Since the effect of this change is generally to require fewer SPJ requests and instances, performance of pushed-down joins should be improved in many cases. (WL #10234)
As part of work ongoing to optimize bulk DDL performance by ndbmtd, it is now possible to obtain performance improvements by increasing the batch size for the bulk data parts of DDL operations which process all of the data in a fragment or set of fragments using a scan. Batch sizes are now made configurable for unique index builds, foreign key builds, and online reorganization, by setting the respective data node configuration parameters listed here:
- MaxFKBuildBatchSize: Maximum scan batch size used for building foreign keys.
- MaxReorgBuildBatchSize: Maximum scan batch size used for reorganization of table partitions.
- MaxUIBuildBatchSize: Maximum scan batch size used for building unique keys.
For each of the parameters just listed, the default value is 64, the minimum is 16, and the maximum is 512.
Increasing the appropriate batch size or sizes can help amortize inter-thread and inter-node latencies and make use of more parallel resources (local and remote) to help scale DDL performance. (WL #11158)
Formerly, the data node LGMAN kernel block processed undo log records serially; now this is done in parallel. The rep thread, which hands off undo records to local data handler (LDM) threads, waited for an LDM to finish applying a record before fetching the next one; now the rep thread no longer waits, but proceeds immediately to the next record and LDM.
There are no user-visible changes in functionality directly associated with this work; this performance enhancement is part of the work being done in NDB 7.6 to improve undo long handling for partial local checkpoints. (WL #8478)
When applying an undo log the table ID and fragment ID are obtained from the page ID. This was done by reading the page from PGMAN using an extra PGMAN worker thread, but when applying the undo log it was necessary to read the page again.

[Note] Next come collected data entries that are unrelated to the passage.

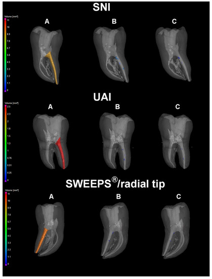 All samples were scanned three times using a μCT) device (XT H 225; Nikon, Tokyo, Japan): after root canal filling (Volume I), after root canal retreatment (Volume II), and after the experimental final irrigation protocol (Volume III).
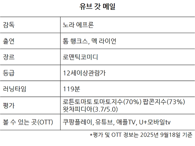 ![‘유브 갓 메일’ 포스터 [IMDb]](https://img4.daumcdn.net/thumb/R658x0.q70/?fname=https://t1.daumcdn.net/news/202509/28/mk/20250928133916422wxjm.png)
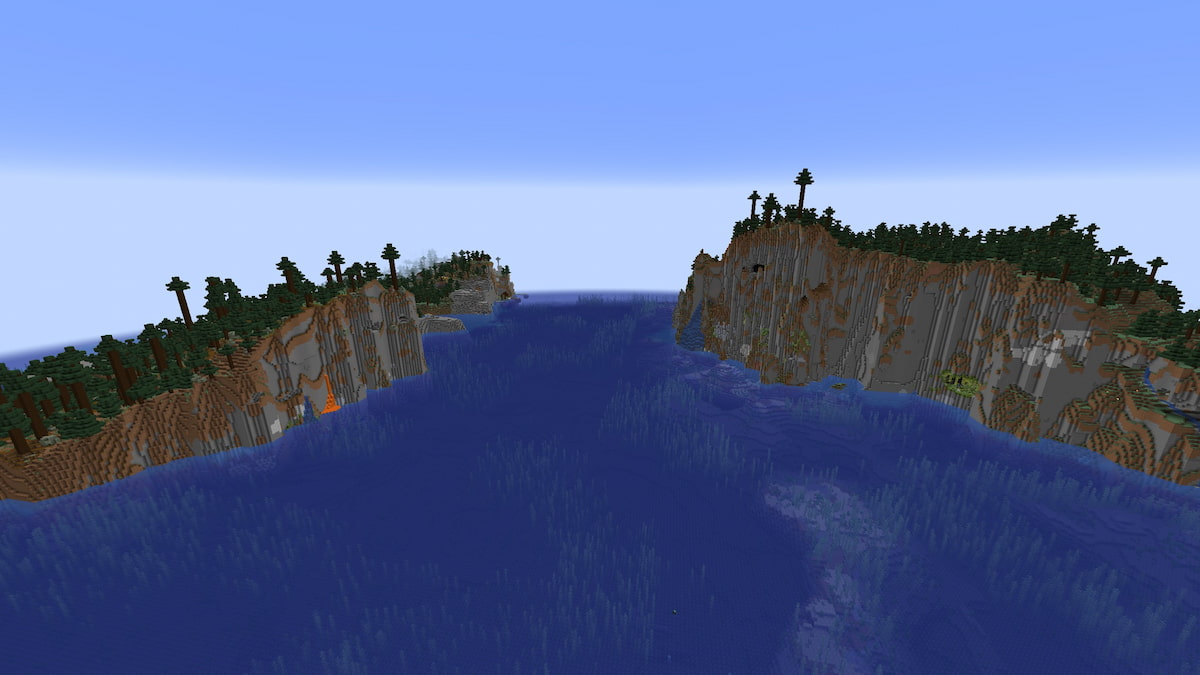 サバイバルアイランドは、Minecraft 1.18のあらゆる種類の形状とサイズがあります。この種の島は、崖側の村がある山のようなタイガバイオームで作られています。この島は、古い成長のタイガバイオームを含むいくつかの島の隣にあります。
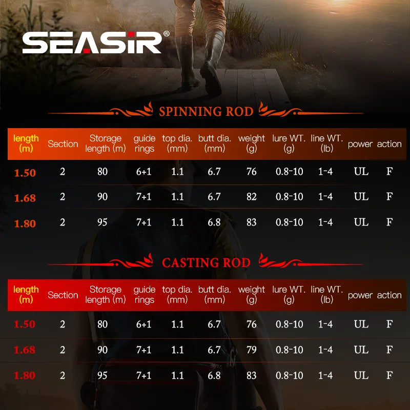 SEASIR Black Arrow Fishing Rod 4.92FT 76G Lure Weight 0.8-10g UL Carbon Fiber FUJI O Guide Rings BFS Two Sections Sound Knob Light Micro Fish Pole(1.5m/1.68m/1.8m)
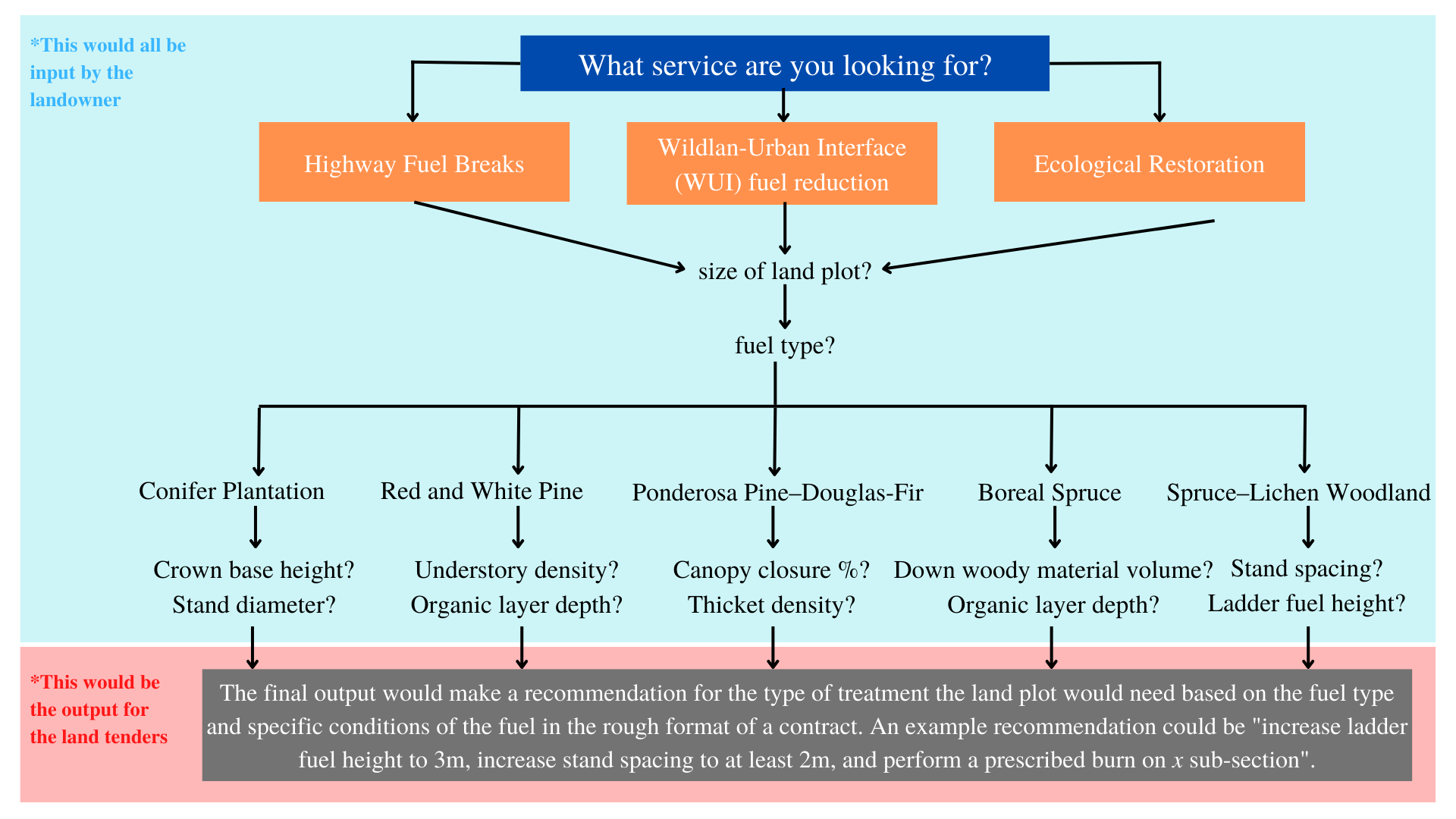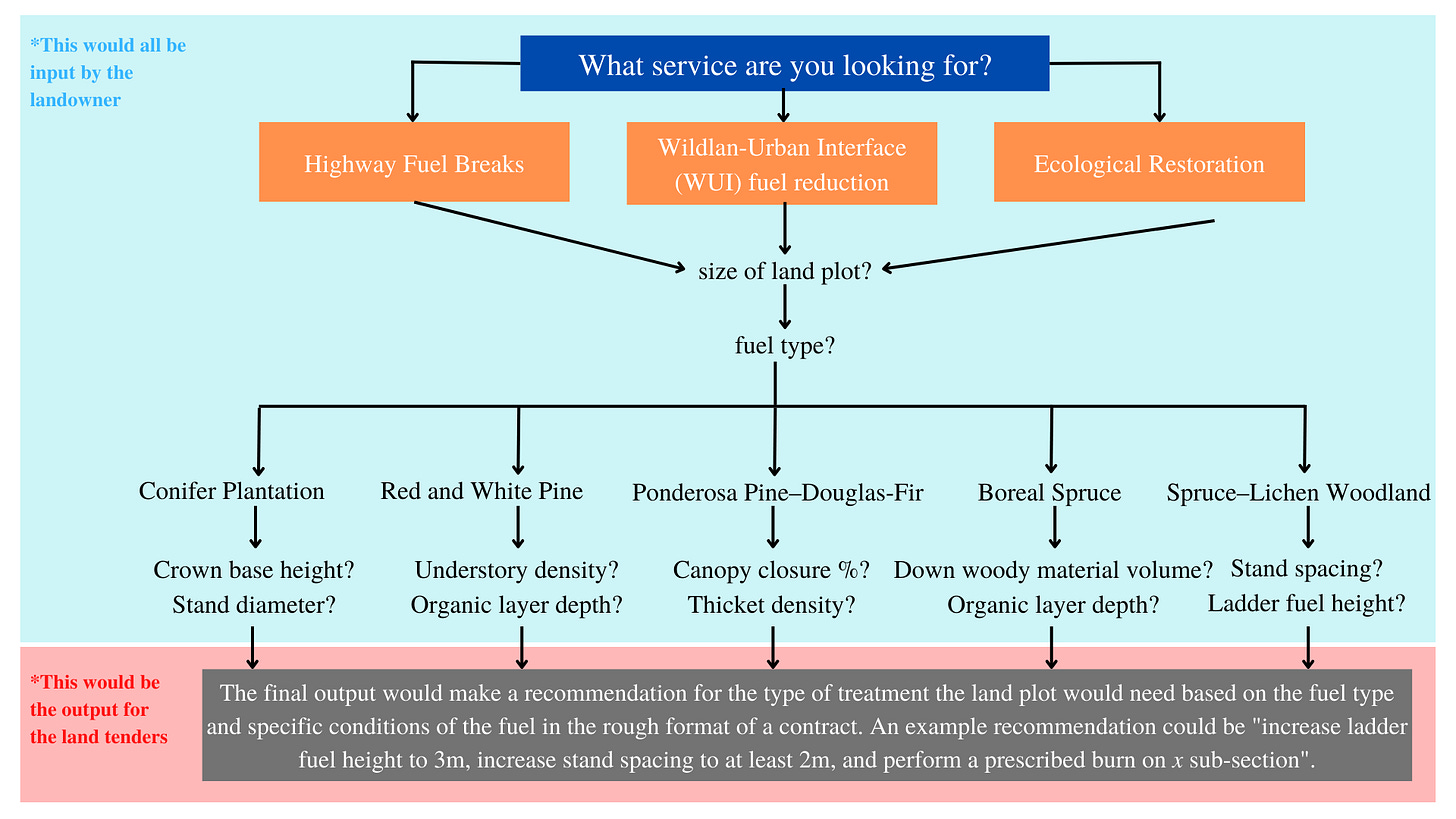 A large barrier to fuel reduction being done more quickly is the time it takes to write a prescription (a treatment plan for the forest based on its condition, for example tree density, length of ladder fuels, age of trees, crown height and density, etc.). It requires deep knowledge of forest science and the impacts of various vegetation types on wildfire behaviour. Even with this knowledge, it’s difficult to gauge exactly what treatment should be applied as there is no standard guideline as to what treatment is needed for what vegetation types or forest conditions. We want to minimize this bottleneck through our platform by automating the contract creation process (to the extent that it is feasible). The contract essentially lays out what the treatment plan is, who is going to do it, how long it will take, and how much it will cost. Although we are still unclear on what exactly this automation software will look like, we’re thinking of using a contract template that could be filled in by landowners when they are creating a job post through a question and answer interface. Based on the information gathered from that, the program would provide a recommended treatment plan formatted like a contract. That way, when land tenders or forestry professionals go to look for jobs, a rough treatment plan and contract would already be layed out and they would simply need to modify and perfect it according to their judgement. We created the following flow chart to illustrate roughly what this process might look like:
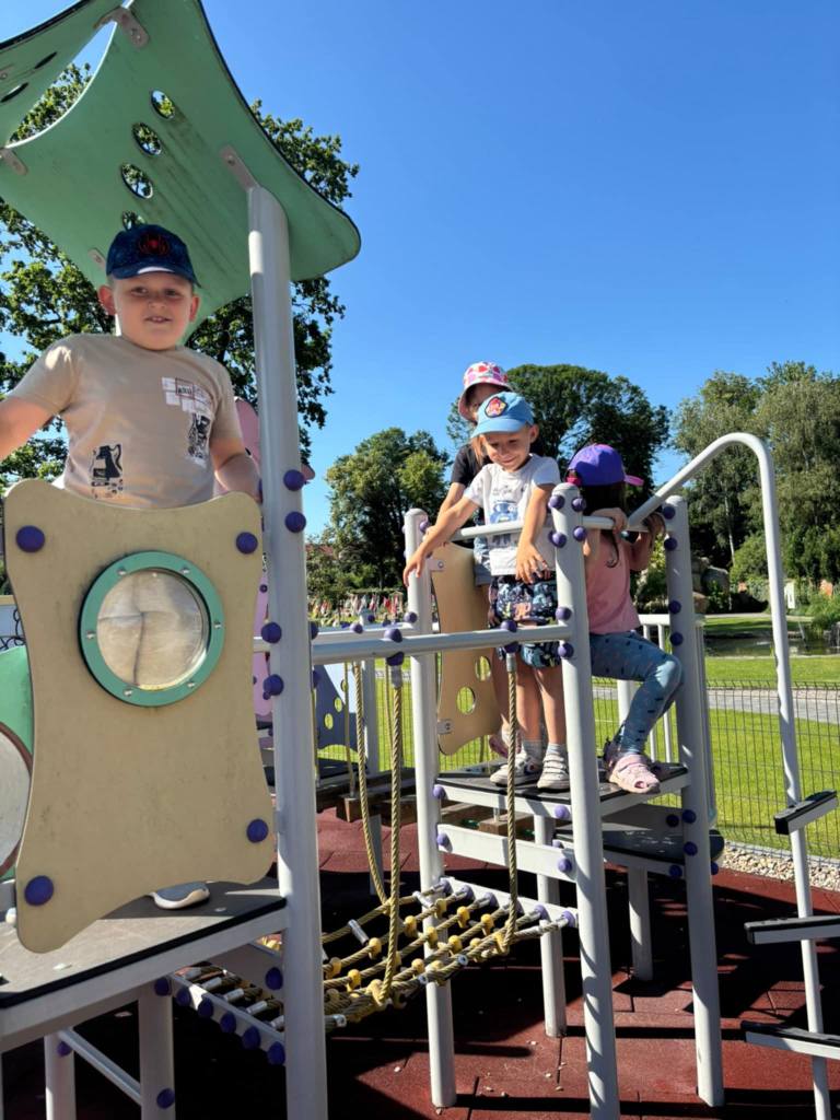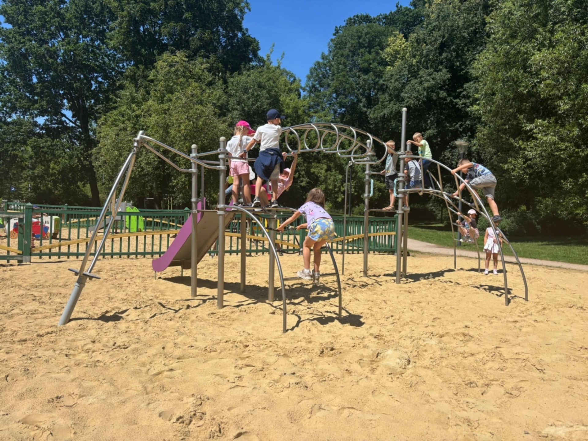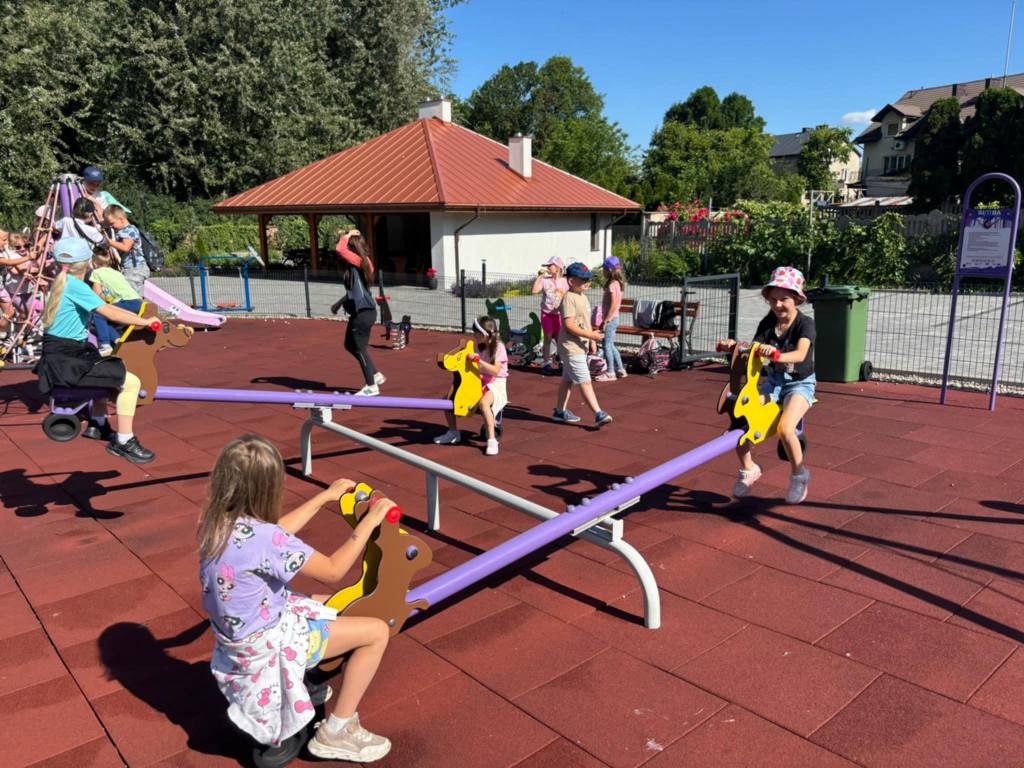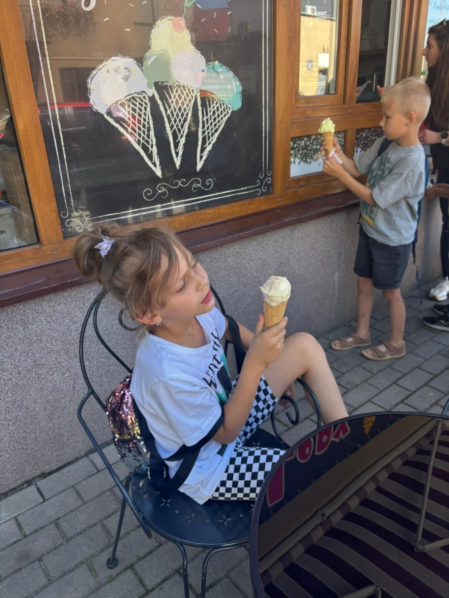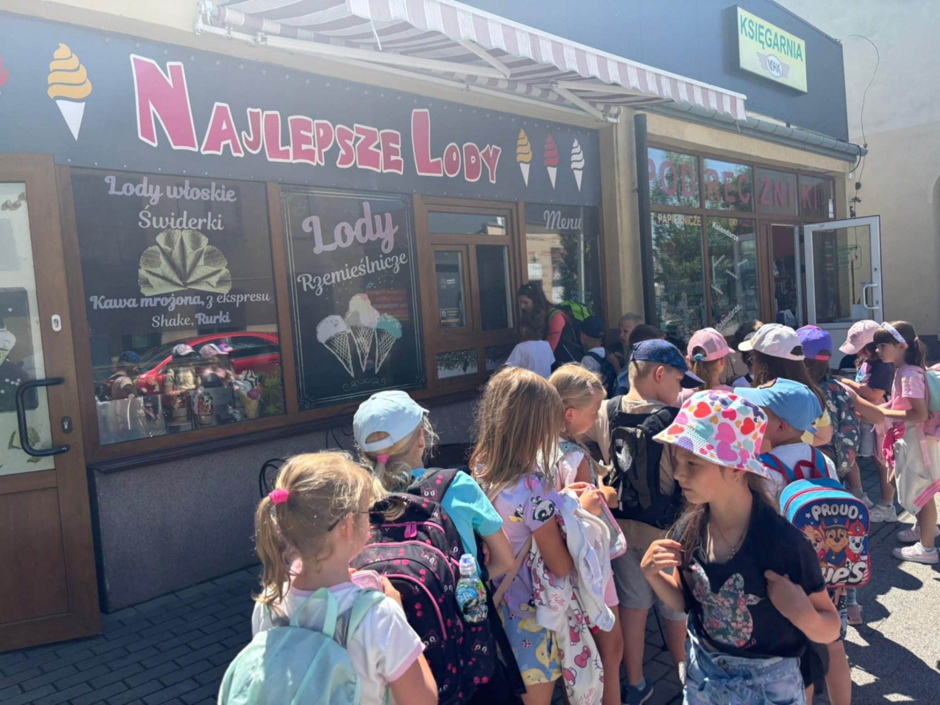 Na koniec- coś słodkiego! Lody wszystkim smakowały. W drodze powrotnej dzieci nie mogły odmówić sobie jeszcze jednego przystanku- placu zabaw. Bo jak się bawić, to na całego!

This became very inefficient when using O_DIRECT (see ODirect) since the page was not cached in the OS kernel.
Mapping from page ID to table ID and fragment ID is now done using information the extent header contains about the table IDs and fragment IDs of the pages used in a given extent. Since the extent pages are always present in the page cache, no extra disk reads are required to perform the mapping, and the information can be read using existing TSMAN data structures. (WL #10194)
Added the NODELOG DEBUG command in the ndb_mgm client to provide runtime control over data node debug logging. NODE DEBUG ON causes a data node to write extra debugging information to its node log, the same as if the node had been started with --verbose. NODELOG DEBUG OFF disables the extra logging. (WL #11216)
Added the LocationDomainId configuration parameter for management, data, and API nodes. When using NDB Cluster in a cloud environment, you can set this parameter to assign a node to a given availability domain or availability zone. This can improve performance in the following ways:
- If requested data is not found on the same node, reads can be directed to another node in the same availability domain.
- Communication between nodes in different availability domains are guaranteed to use NDB transporters' WAN support without any further manual intervention.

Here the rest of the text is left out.